Reproduction of part of the material below, pictures omitted: copy exactly, and only, the lines starting with the one with "Chicken D'light Knots" and going on through the one with "Řídicí orgán OP".

Given data ▸

################

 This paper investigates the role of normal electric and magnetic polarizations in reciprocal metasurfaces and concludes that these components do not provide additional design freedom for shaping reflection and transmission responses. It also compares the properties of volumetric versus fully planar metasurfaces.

################

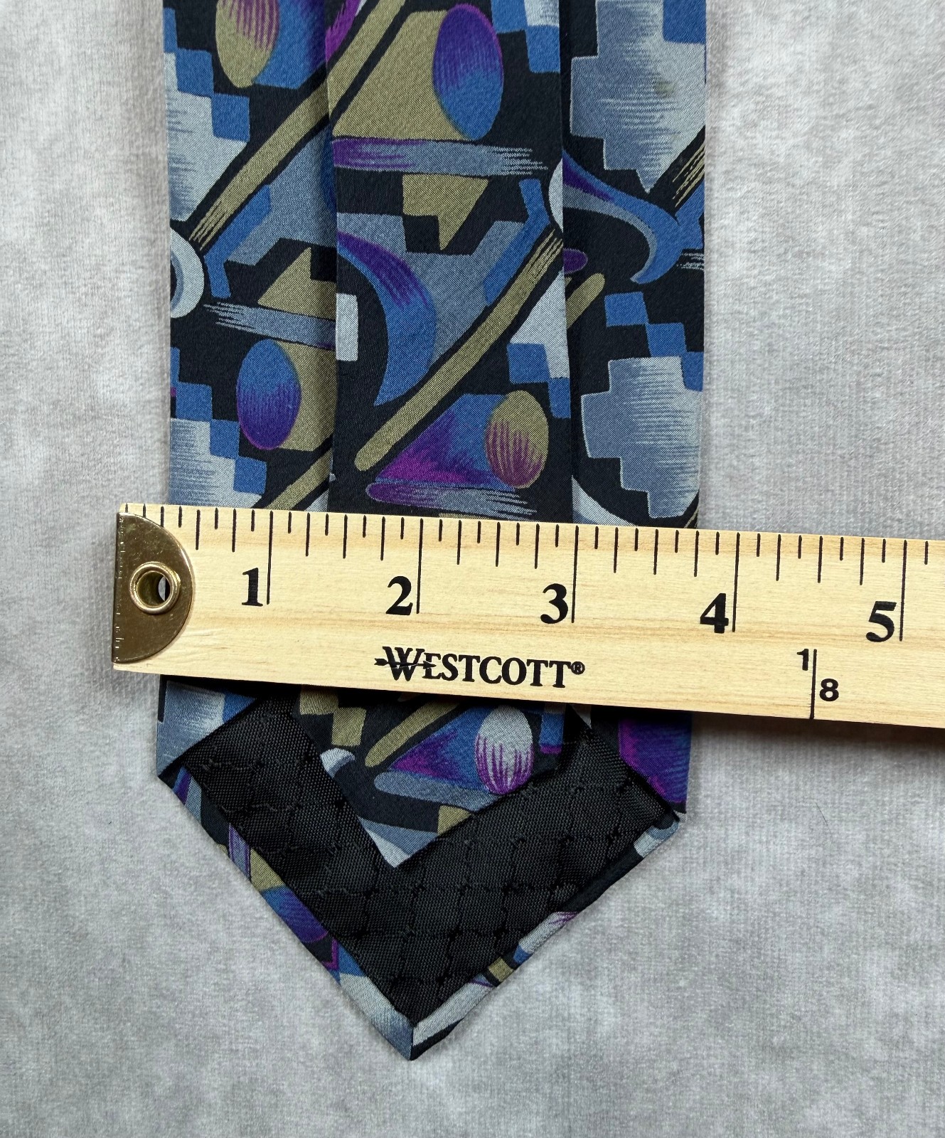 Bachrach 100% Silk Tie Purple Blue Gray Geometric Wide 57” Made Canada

################

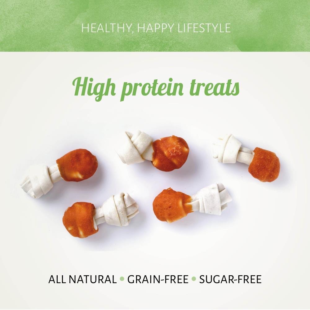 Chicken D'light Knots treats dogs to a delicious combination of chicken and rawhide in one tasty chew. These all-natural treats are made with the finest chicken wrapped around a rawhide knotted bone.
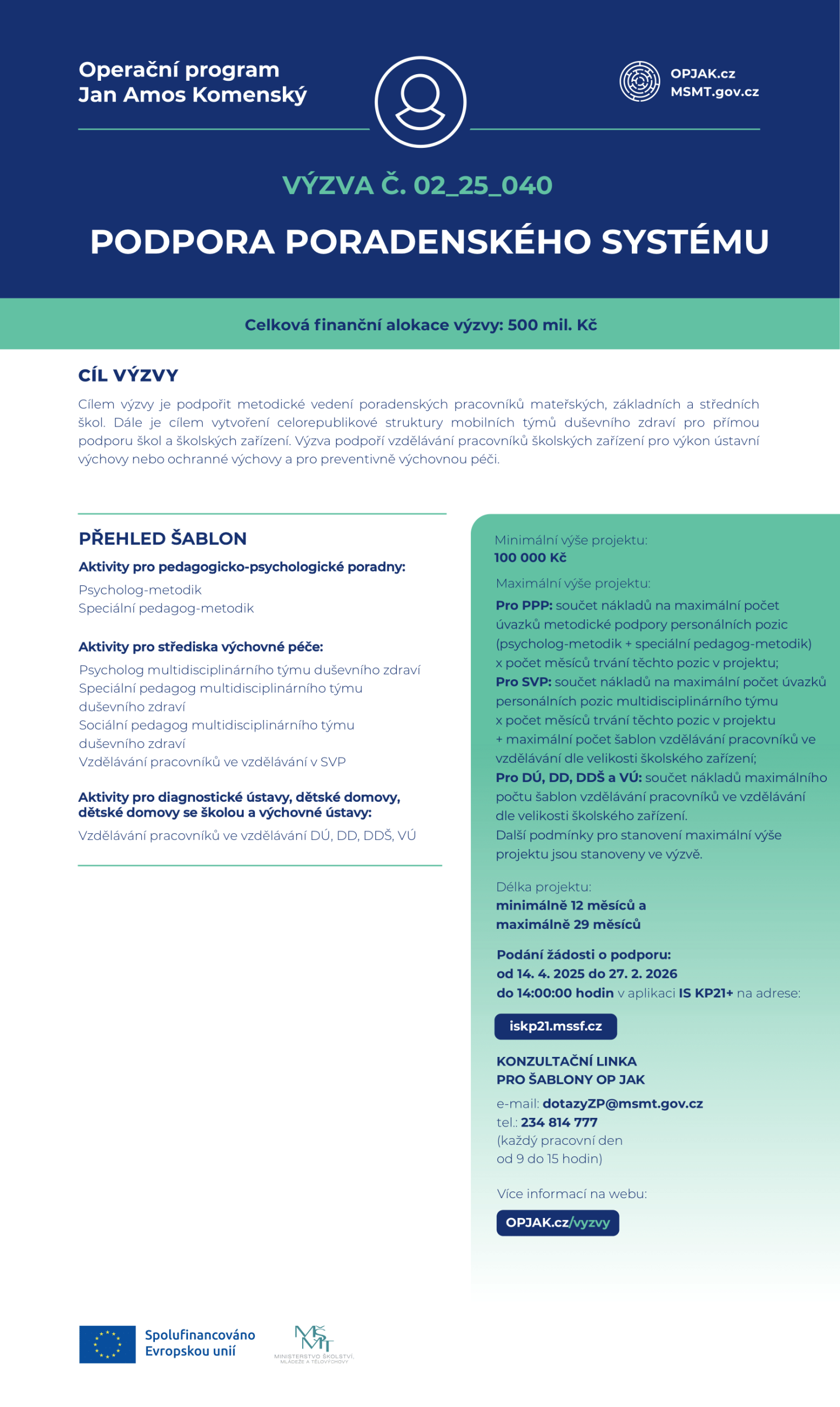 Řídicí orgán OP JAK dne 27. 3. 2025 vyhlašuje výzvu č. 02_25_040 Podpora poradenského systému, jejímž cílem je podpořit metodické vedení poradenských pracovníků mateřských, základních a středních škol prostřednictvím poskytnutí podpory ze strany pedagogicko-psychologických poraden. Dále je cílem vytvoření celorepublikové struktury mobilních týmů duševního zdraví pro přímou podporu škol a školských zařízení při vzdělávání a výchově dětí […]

################

Answer section ▸
 Chicken D'light Knots treats dogs to a delicious combination of chicken and rawhide in one tasty chew. These all-natural treats are made with the finest chicken wrapped around a rawhide knotted bone.
 Řídicí orgán OP JAK dne 27. 3. 2025 vyhlašuje výzvu č. 02_25_040 Podpora poradenského systému, jejímž cílem je podpořit metodické vedení poradenských pracovníků mateřských, základních a středních škol prostřednictvím poskytnutí podpory ze strany pedagogicko-psychologických poraden. Dále je cílem vytvoření celorepublikové struktury mobilních týmů duševního zdraví pro přímou podporu škol a školských zařízení při vzdělávání a výchově dětí […]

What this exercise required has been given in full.